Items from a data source
↓
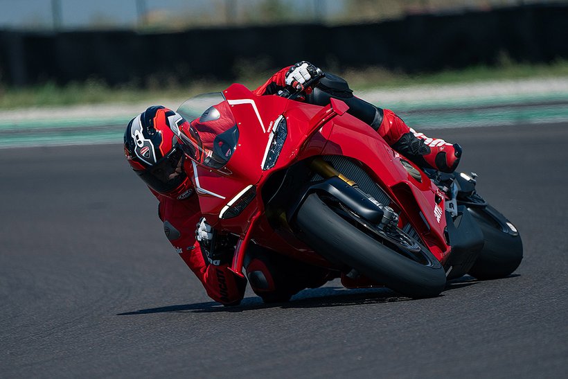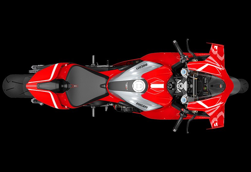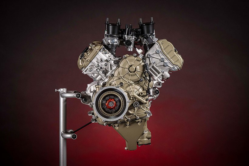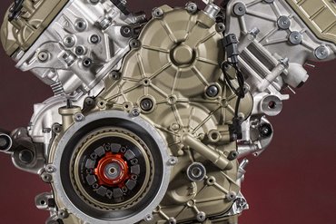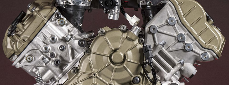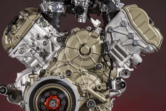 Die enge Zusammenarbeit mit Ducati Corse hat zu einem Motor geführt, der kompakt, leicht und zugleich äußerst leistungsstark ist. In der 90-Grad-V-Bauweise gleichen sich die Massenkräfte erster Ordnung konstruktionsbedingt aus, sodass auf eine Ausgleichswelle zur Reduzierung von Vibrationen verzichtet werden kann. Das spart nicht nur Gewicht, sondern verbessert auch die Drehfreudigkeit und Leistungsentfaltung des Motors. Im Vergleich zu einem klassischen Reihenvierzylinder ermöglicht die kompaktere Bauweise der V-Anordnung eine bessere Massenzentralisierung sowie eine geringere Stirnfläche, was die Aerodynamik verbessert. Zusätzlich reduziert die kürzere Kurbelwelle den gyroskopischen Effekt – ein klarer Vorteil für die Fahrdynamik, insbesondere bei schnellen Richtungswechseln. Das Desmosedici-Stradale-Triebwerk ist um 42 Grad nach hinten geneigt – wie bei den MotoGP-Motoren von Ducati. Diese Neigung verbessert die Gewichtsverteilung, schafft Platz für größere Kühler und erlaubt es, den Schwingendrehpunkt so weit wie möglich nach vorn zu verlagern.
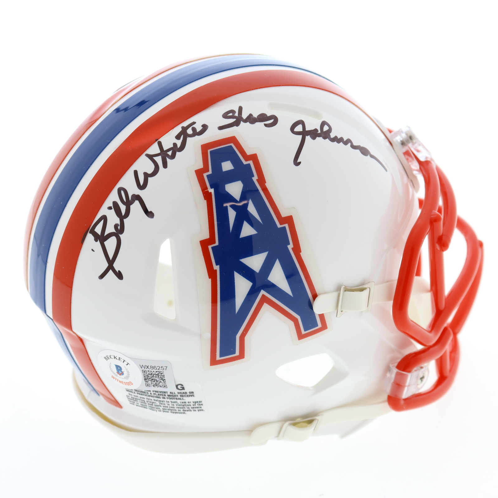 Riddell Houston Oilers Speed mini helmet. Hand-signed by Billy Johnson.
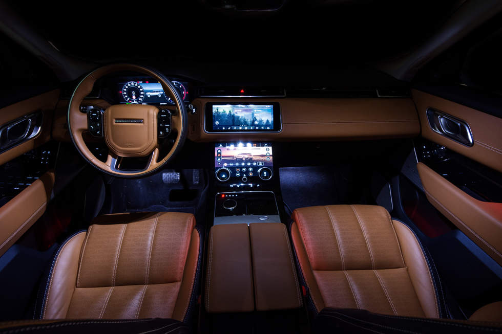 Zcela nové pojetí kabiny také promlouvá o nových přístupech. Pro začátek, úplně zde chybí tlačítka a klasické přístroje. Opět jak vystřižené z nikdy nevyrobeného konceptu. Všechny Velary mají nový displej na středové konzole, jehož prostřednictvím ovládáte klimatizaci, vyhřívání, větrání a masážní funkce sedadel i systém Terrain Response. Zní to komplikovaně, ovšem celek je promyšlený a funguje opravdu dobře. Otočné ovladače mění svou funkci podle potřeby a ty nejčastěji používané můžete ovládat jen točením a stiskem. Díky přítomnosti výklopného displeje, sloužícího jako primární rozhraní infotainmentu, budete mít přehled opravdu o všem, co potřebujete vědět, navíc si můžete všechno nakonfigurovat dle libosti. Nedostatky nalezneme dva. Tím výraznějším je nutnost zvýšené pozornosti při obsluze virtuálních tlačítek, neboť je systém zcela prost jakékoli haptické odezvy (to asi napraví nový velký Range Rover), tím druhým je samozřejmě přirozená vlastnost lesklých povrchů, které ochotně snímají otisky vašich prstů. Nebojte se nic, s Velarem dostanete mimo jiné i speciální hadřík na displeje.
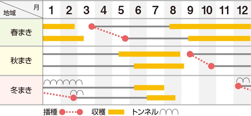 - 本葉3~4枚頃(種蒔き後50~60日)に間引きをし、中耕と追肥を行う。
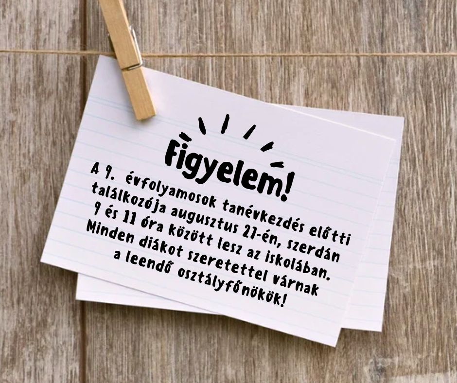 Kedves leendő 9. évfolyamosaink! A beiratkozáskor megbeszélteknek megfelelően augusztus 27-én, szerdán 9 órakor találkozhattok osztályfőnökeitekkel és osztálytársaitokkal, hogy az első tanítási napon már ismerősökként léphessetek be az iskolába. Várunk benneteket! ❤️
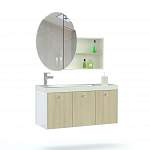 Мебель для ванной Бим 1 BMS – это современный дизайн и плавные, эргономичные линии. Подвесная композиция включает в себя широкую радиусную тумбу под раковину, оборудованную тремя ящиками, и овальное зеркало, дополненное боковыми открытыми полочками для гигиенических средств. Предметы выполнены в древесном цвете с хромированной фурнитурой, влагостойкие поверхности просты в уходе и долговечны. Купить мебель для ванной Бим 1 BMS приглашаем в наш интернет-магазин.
↑
Problem: The copy you output must match the entries above exactly, except that it has no pictures.

Reply to the task:
 Die enge Zusammenarbeit mit Ducati Corse hat zu einem Motor geführt, der kompakt, leicht und zugleich äußerst leistungsstark ist. In der 90-Grad-V-Bauweise gleichen sich die Massenkräfte erster Ordnung konstruktionsbedingt aus, sodass auf eine Ausgleichswelle zur Reduzierung von Vibrationen verzichtet werden kann. Das spart nicht nur Gewicht, sondern verbessert auch die Drehfreudigkeit und Leistungsentfaltung des Motors. Im Vergleich zu einem klassischen Reihenvierzylinder ermöglicht die kompaktere Bauweise der V-Anordnung eine bessere Massenzentralisierung sowie eine geringere Stirnfläche, was die Aerodynamik verbessert. Zusätzlich reduziert die kürzere Kurbelwelle den gyroskopischen Effekt – ein klarer Vorteil für die Fahrdynamik, insbesondere bei schnellen Richtungswechseln. Das Desmosedici-Stradale-Triebwerk ist um 42 Grad nach hinten geneigt – wie bei den MotoGP-Motoren von Ducati. Diese Neigung verbessert die Gewichtsverteilung, schafft Platz für größere Kühler und erlaubt es, den Schwingendrehpunkt so weit wie möglich nach vorn zu verlagern.
 Riddell Houston Oilers Speed mini helmet. Hand-signed by Billy Johnson.
 Zcela nové pojetí kabiny také promlouvá o nových přístupech. Pro začátek, úplně zde chybí tlačítka a klasické přístroje. Opět jak vystřižené z nikdy nevyrobeného konceptu. Všechny Velary mají nový displej na středové konzole, jehož prostřednictvím ovládáte klimatizaci, vyhřívání, větrání a masážní funkce sedadel i systém Terrain Response. Zní to komplikovaně, ovšem celek je promyšlený a funguje opravdu dobře. Otočné ovladače mění svou funkci podle potřeby a ty nejčastěji používané můžete ovládat jen točením a stiskem. Díky přítomnosti výklopného displeje, sloužícího jako primární rozhraní infotainmentu, budete mít přehled opravdu o všem, co potřebujete vědět, navíc si můžete všechno nakonfigurovat dle libosti. Nedostatky nalezneme dva. Tím výraznějším je nutnost zvýšené pozornosti při obsluze virtuálních tlačítek, neboť je systém zcela prost jakékoli haptické odezvy (to asi napraví nový velký Range Rover), tím druhým je samozřejmě přirozená vlastnost lesklých povrchů, které ochotně snímají otisky vašich prstů. Nebojte se nic, s Velarem dostanete mimo jiné i speciální hadřík na displeje.
 - 本葉3~4枚頃(種蒔き後50~60日)に間引きをし、中耕と追肥を行う。
 Kedves leendő 9. évfolyamosaink! A beiratkozáskor megbeszélteknek megfelelően augusztus 27-én, szerdán 9 órakor találkozhattok osztályfőnökeitekkel és osztálytársaitokkal, hogy az első tanítási napon már ismerősökként léphessetek be az iskolába. Várunk benneteket! ❤️
 Мебель для ванной Бим 1 BMS – это современный дизайн и плавные, эргономичные линии. Подвесная композиция включает в себя широкую радиусную тумбу под раковину, оборудованную тремя ящиками, и овальное зеркало, дополненное боковыми открытыми полочками для гигиенических средств. Предметы выполнены в древесном цвете с хромированной фурнитурой, влагостойкие поверхности просты в уходе и долговечны. Купить мебель для ванной Бим 1 BMS приглашаем в наш интернет-магазин.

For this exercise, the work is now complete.